[PROBLEM REQUIREMENTS] In the records that follow, find the line with "Với khả năng"; from there, retype every line exactly through the line with "Modernes, neu saniertes", which also belongs to the answer.

[THE RECORDS]
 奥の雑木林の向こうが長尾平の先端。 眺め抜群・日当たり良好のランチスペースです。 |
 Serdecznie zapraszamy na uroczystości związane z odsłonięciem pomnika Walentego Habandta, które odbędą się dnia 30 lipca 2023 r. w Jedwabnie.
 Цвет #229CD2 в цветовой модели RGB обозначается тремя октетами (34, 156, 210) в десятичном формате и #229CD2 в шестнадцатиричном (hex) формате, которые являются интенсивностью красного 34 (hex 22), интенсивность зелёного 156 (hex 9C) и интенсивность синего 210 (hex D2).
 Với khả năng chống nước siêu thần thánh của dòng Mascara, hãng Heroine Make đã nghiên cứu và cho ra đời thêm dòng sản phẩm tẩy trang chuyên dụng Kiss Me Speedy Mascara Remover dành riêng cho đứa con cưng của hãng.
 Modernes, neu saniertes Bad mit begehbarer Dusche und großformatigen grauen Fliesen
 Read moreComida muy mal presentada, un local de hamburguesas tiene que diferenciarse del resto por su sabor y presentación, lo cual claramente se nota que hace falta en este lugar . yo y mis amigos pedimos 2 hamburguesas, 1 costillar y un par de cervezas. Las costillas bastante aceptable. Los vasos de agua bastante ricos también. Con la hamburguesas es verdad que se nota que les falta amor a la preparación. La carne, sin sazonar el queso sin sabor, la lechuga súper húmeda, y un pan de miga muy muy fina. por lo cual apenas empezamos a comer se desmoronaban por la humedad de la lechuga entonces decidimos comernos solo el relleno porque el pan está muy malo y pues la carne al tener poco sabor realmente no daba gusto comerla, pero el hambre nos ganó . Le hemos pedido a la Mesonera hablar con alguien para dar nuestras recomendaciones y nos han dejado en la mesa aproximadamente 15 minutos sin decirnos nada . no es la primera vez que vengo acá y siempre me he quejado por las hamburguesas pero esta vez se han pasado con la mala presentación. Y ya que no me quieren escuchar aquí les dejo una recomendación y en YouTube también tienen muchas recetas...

[OUTPUT OF THE TASK]
 Với khả năng chống nước siêu thần thánh của dòng Mascara, hãng Heroine Make đã nghiên cứu và cho ra đời thêm dòng sản phẩm tẩy trang chuyên dụng Kiss Me Speedy Mascara Remover dành riêng cho đứa con cưng của hãng.
 Modernes, neu saniertes Bad mit begehbarer Dusche und großformatigen grauen Fliesen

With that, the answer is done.